Photo : Radio-Canada / Réal Fradette
Le conseiller municipal représentant les citoyens de Village-Blanchard, Pierre Boudreau, s’est dit heureux d’assister à une fin positive de cette saga.
Les citoyens, une fois informés, ont pu exprimer leur opinion. Le conseil, une fois informé, a pu voter. On a trouvé une solution qui satisfait tout le monde. Ça ne veut pas dire que le travail est fini et j’espère que la prochaine fois, les gens seront mieux consultés et que la population sera plus au courant et sensibilisé, a-t-il exprimé, en ajoutant que l’expérience vécue avec les citoyens de Village-Blanchard servira d’exemple dans tout autre projet du genre.
Des citoyens mieux informés
Le dossier a suscité beaucoup d’émotions de la part des citoyens de Village-Blanchard et au sein du conseil municipal.

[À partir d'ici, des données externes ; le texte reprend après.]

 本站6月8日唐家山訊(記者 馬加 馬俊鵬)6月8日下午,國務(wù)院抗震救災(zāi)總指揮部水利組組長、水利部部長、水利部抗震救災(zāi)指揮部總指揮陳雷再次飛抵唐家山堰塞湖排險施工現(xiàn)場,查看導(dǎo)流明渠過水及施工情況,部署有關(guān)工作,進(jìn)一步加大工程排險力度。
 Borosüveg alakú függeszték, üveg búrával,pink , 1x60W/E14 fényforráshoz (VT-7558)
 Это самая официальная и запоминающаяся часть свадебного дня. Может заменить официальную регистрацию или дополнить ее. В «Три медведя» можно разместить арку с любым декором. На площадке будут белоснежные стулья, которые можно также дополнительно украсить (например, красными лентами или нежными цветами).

Lors de la réunion du 12 janvier, plusieurs résidents du secteur se sont opposés à la demande de permis provisoire, ce qui a convaincu les élus à reporter leur décision.

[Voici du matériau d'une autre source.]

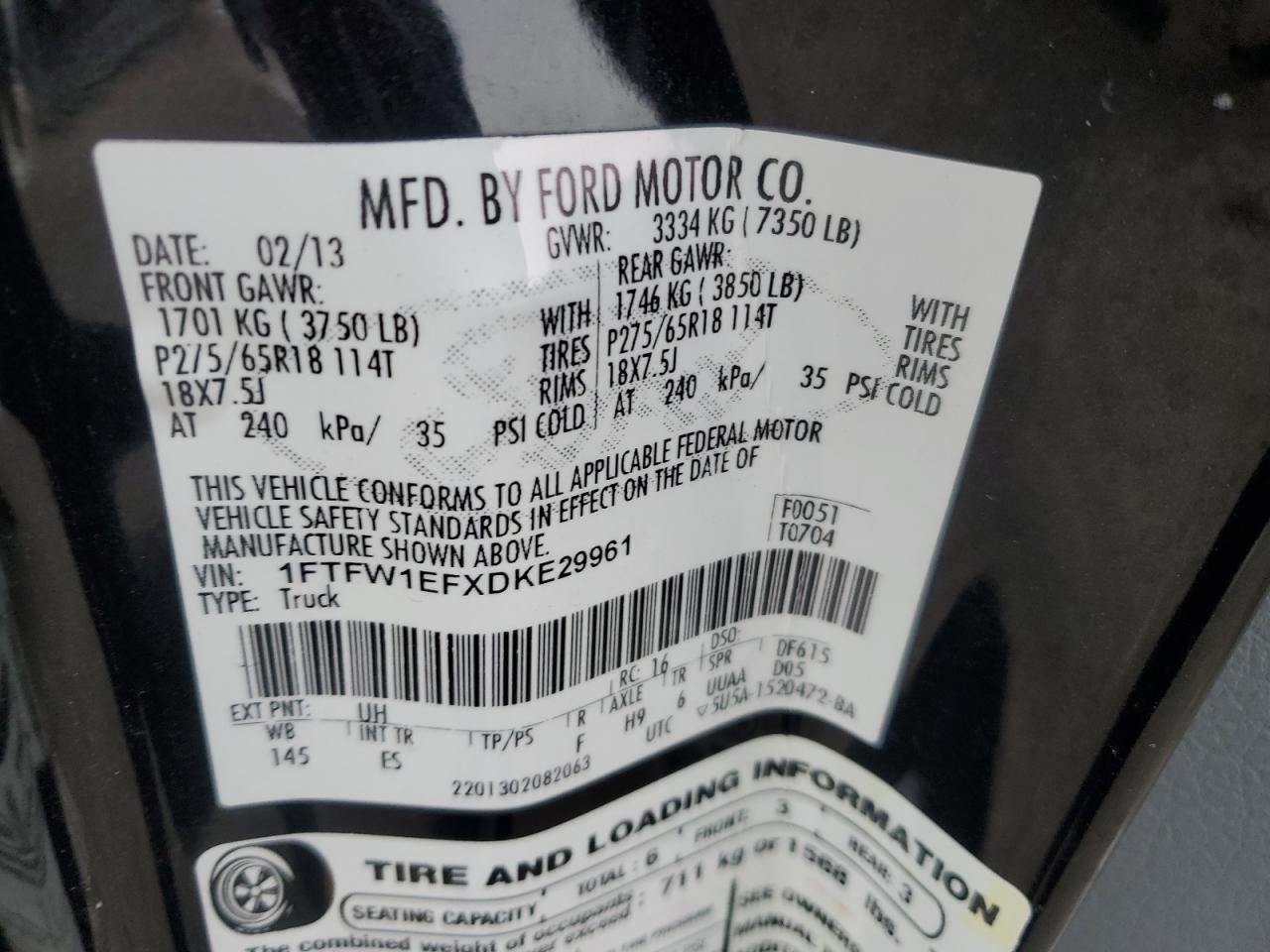 - ВИН: 1FTFW1EFXDK******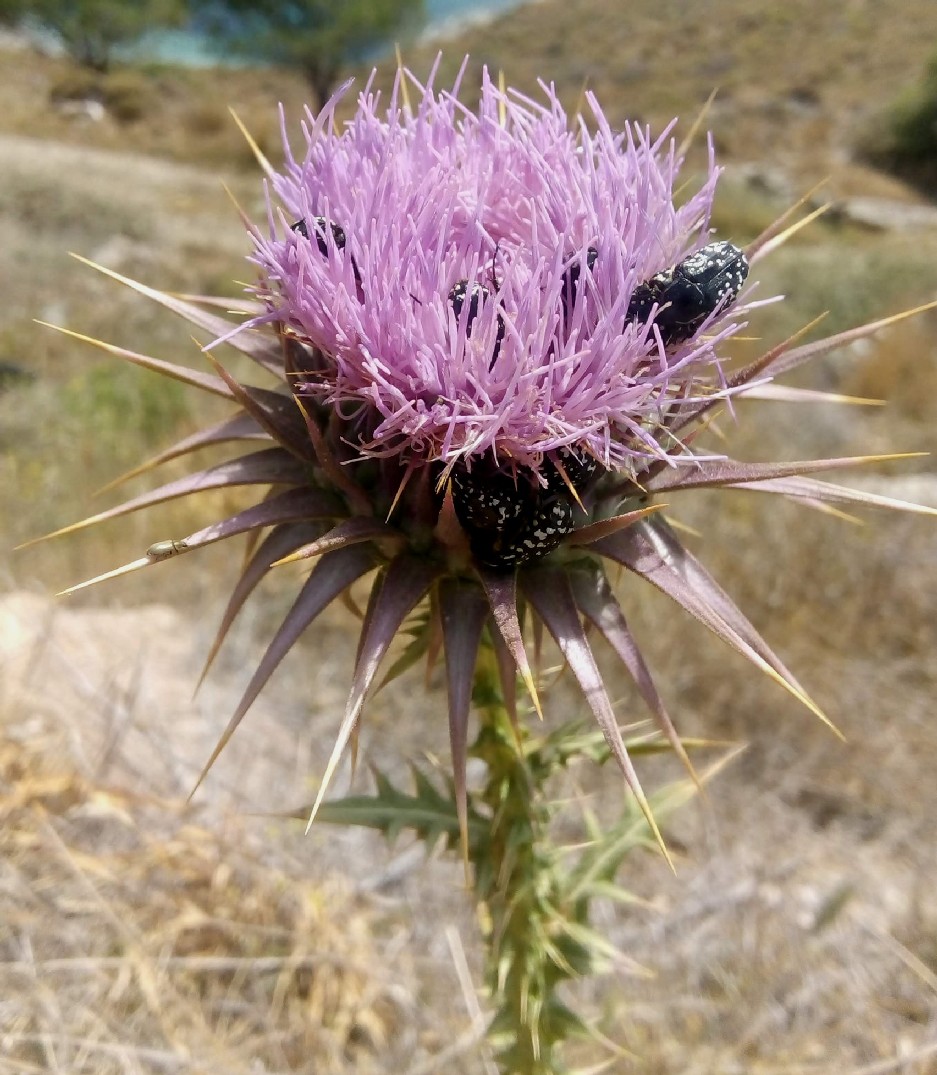 Rosettenblätter länglich - lanzettlich, 6 - 8-paarig fiederteilig, in 2 - 10 mm langen Dornen endend, zur Blütezeit oft undeutlich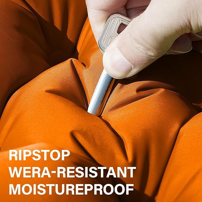- 【ADVANCED CAMPING DURABLE MATERIAL】- The 2-person camping sleeping pad is made of 40D nylon and TPU coated material, durable, hard-wearing, and no tearing. The camping mattresses are easy to clean, if there is dust or grime, just wipe them down. Designed for harsh outdoor environments, it is your best companion while camping.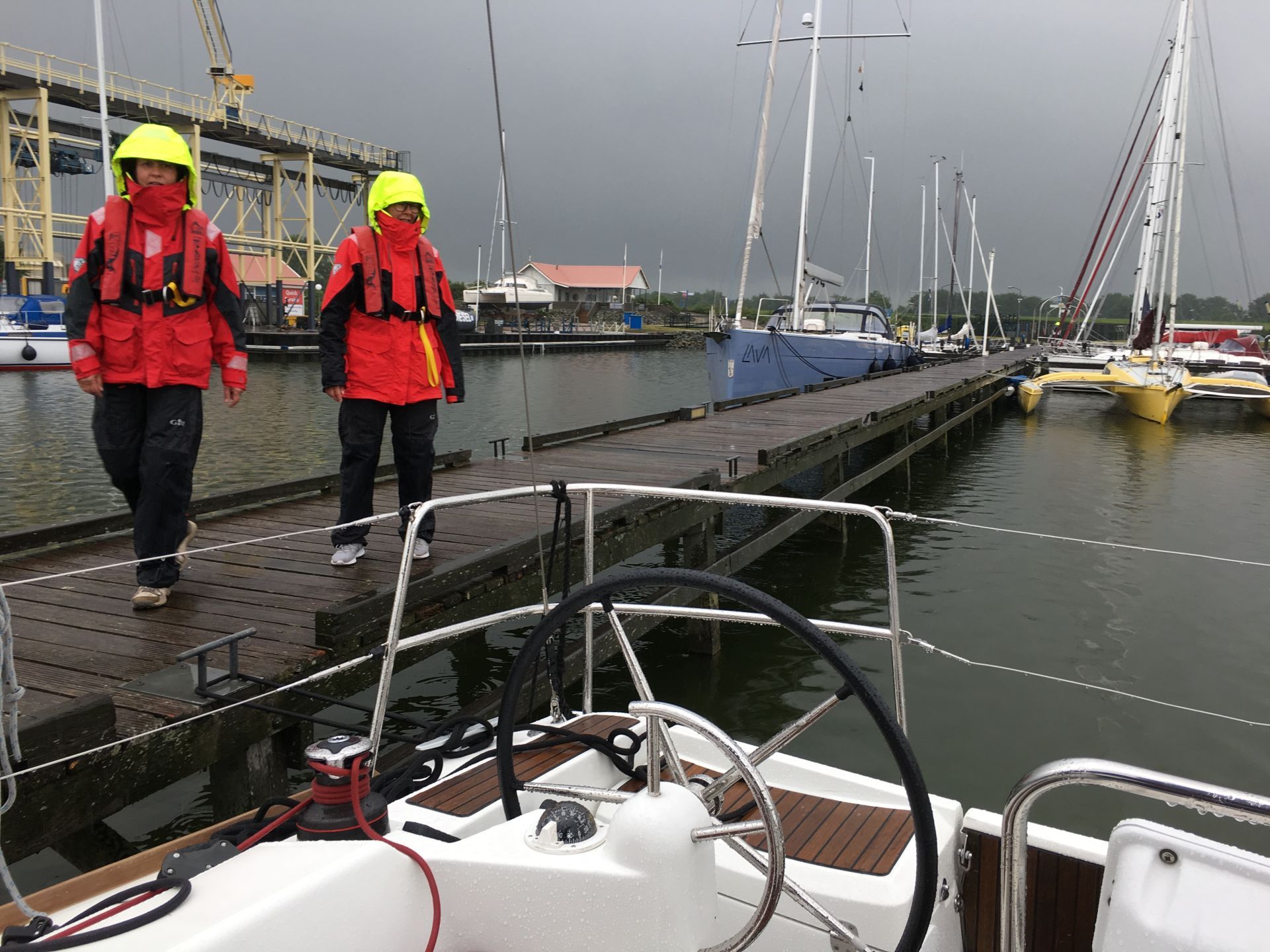 Unterwegs wurden wir von einer Gewitterfront überrollt, die starke Böen, höheren Seegang, Starkregen und Hagel mit sich brachte. Das Boot stampfte ordentlich. Der Verfasser litt unter Seekrankheit, als er unter Deck versuchte in der Karte nach dem Kurs zu schauen. Es wurde erst auf Deck wieder besser bei leichter Steuertätigkeit.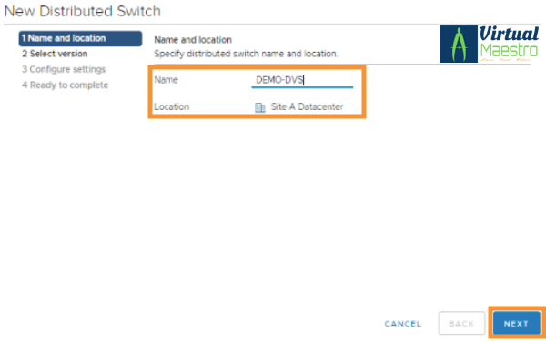 - First of all DVS is not created on ESXi host. It is created on vCenter by right clicking your datacenter or from Actions menu of Datacenter as shown below.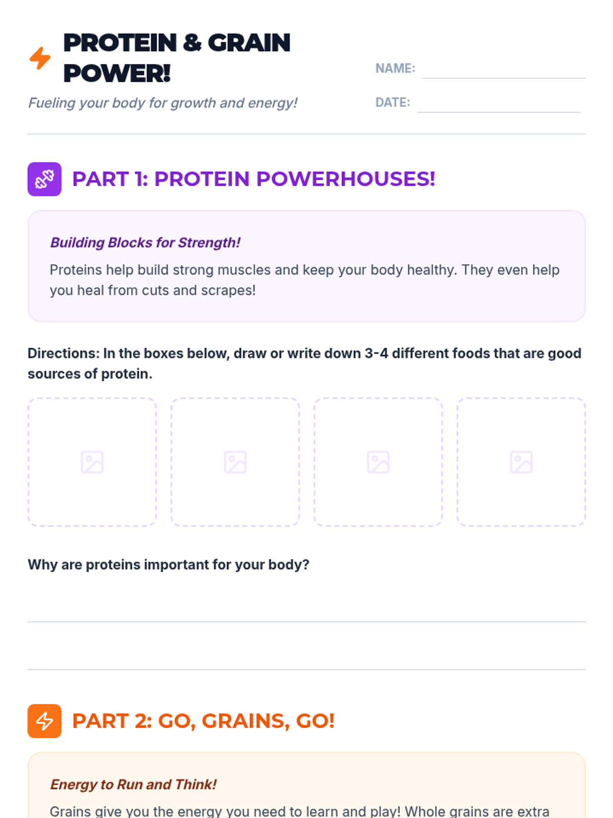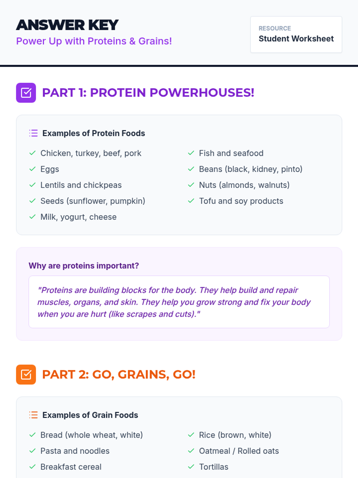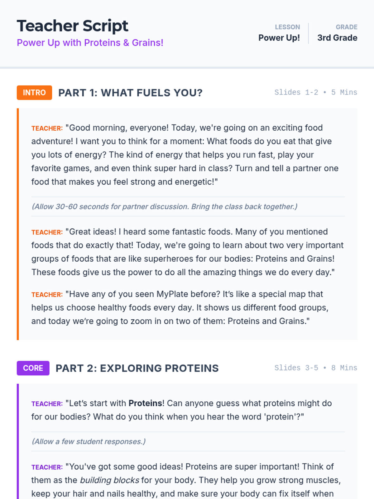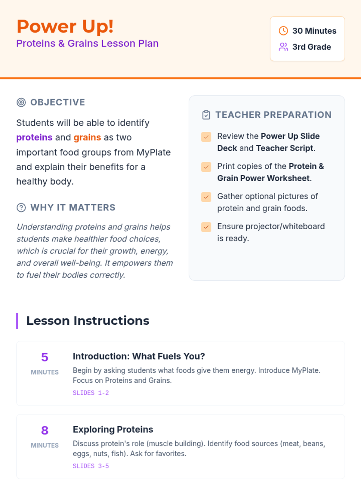 A 30-minute interactive lesson for 3rd graders on MyPlate's protein and grain groups, focusing on their roles in muscle growth and energy.

S’en est suivi dans les jours qui ont suivi une petite querelle de mots entre le maire, les conseillers et certains résidents.

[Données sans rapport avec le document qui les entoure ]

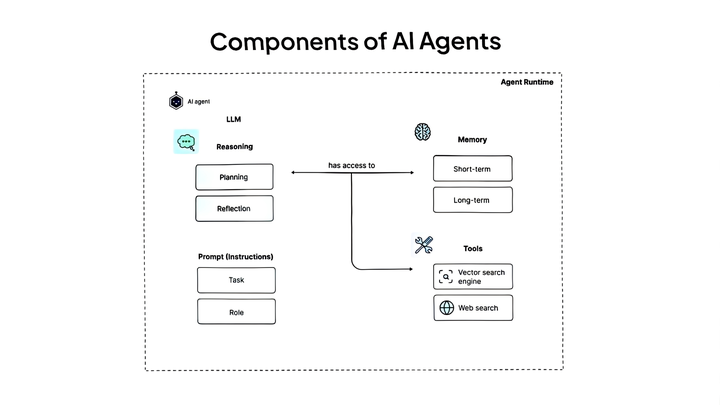 AI智能体是集推理(Reasoning)、工具(Tools)和记忆(Memory)于一体的系统。它利用LLM的动态决策能力,在有限人类干预下完成任务。以下是三大组件的详细说明: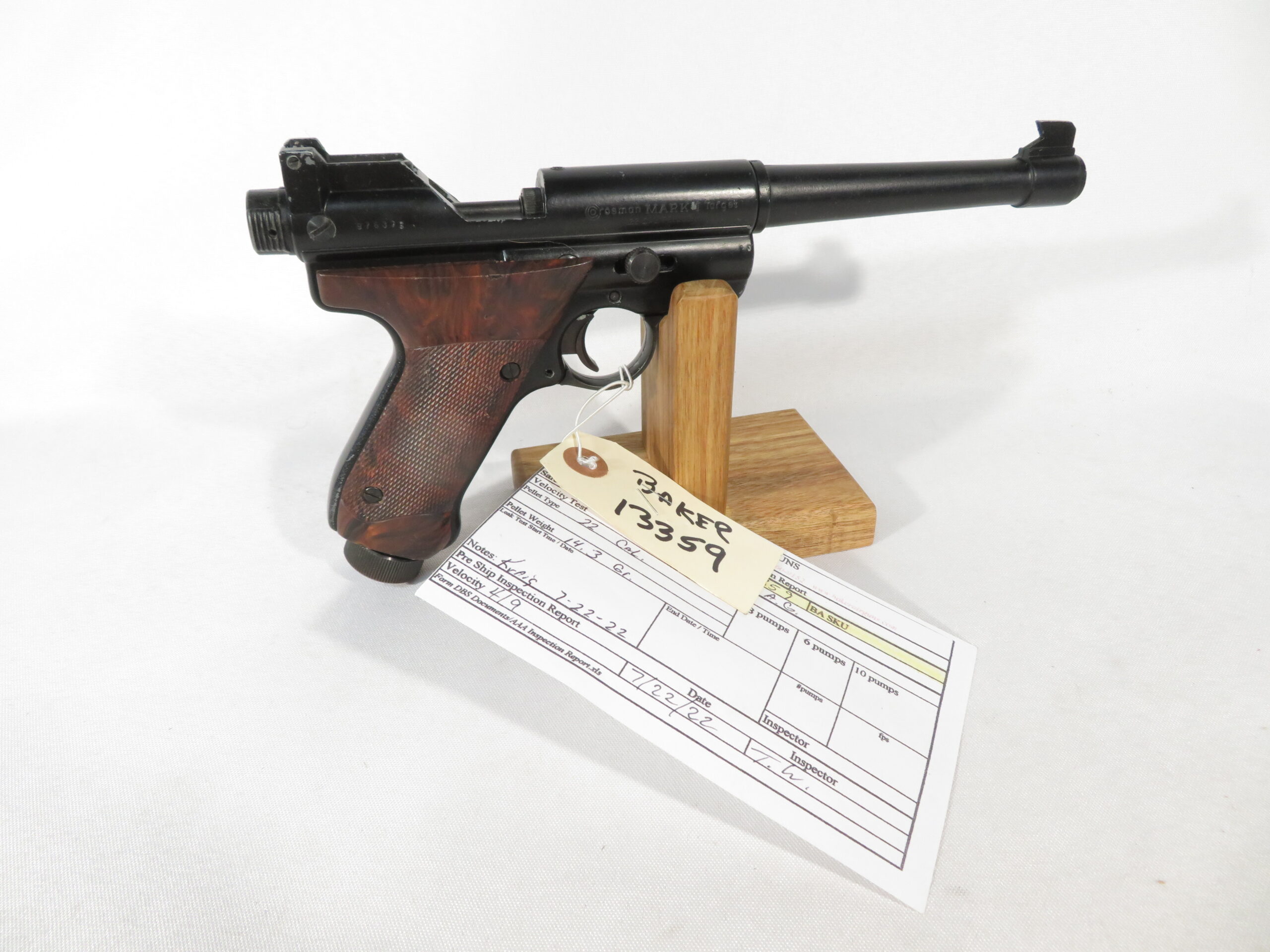 This airgun is styled like the Ruger .22 semi-automatic pistol. The Crosman Mark I pistol is a .22 caliber single shot CO2 air pistol that was made from 1966 to 1983. This was a very popular gun for Crosman for many years. These guns are very heavy, solid and rugged. They continue to be very popular with collectors and shooters because of their excellent accuracy.

Georges Godin, un résident de Village Blanchard, a pris la parole avec beaucoup d'émotions.
Photo : Radio-Canada / Réal Fradette
Une réunion d’information avec divers intervenants bien au fait du dossier de l’itinérance, jeudi dernier, a permis d’éclaircir tout ça, reconnaît Georges Godin, un voisin de l’aéroport. Ces discussions ont convaincu la communauté de donner une chance au projet.
À la réunion du 12 janvier, on a dit Woah! On était en mode panique et on est monté aux barricades. Peu importe l’information, on n’entendait rien. Par la suite, on s’est mis en mode compréhension et de solution et on s’est mis d’accord avec le projet. Mais ça reste un plaster sur un gros problème, a-t-il affirmé mardi soir dans une intervention émotive.
On aurait pu prendre la rhétorique de qui va parler le plus fort et dire qu’on ne veut pas avoir d’itinérants dans notre cour, un point c’est tout , a-t-il précisé après la réunion. Ç’aurait été la solution facile de se débarrasser du problème et de ne pas vouloir les avoir chez nous. Mais si tout le monde fait ça, on ne règlera jamais rien. Ça va durer deux mois et demi. Ça ne sera pas là pour 20 ans.
Si le problème de l’itinérance serait aussi facile à régler que de construire une cabane à éperlans, il n’y en aurait pas de l’itinérance. C’est beaucoup plus complexe que ça , a-t-il ajouté.

Plusieurs citoyens du secteur de Village Blanchard, là où se trouve les installations de l'Aéroport de la Péninsule, ont assisté à la réunion extraordinaire du conseil municipal de Caraquet, mardi soir.
Photo : Radio-Canada / Réal Fradette
Cédric Landry, directeur du développement communautaire à la CSR de la Péninsule acadienne, s’est dit ravi et soulagé de la décision des élus. Il a salué le travail de nombreux organismes qui travaillent dans l’ombre depuis bientôt trois ans afin d'ouvrir dans la région un centre de réchauffement d’urgence pour sans-abris.
Notre souhait est d’être en chemin le plus rapidement possible. Le but, c’est le 1er février. C’est notre souhait. On essaie de mettre tous les efforts de notre côté pour réaliser ce tour de force , a-t-il commenté après la fin de la réunion.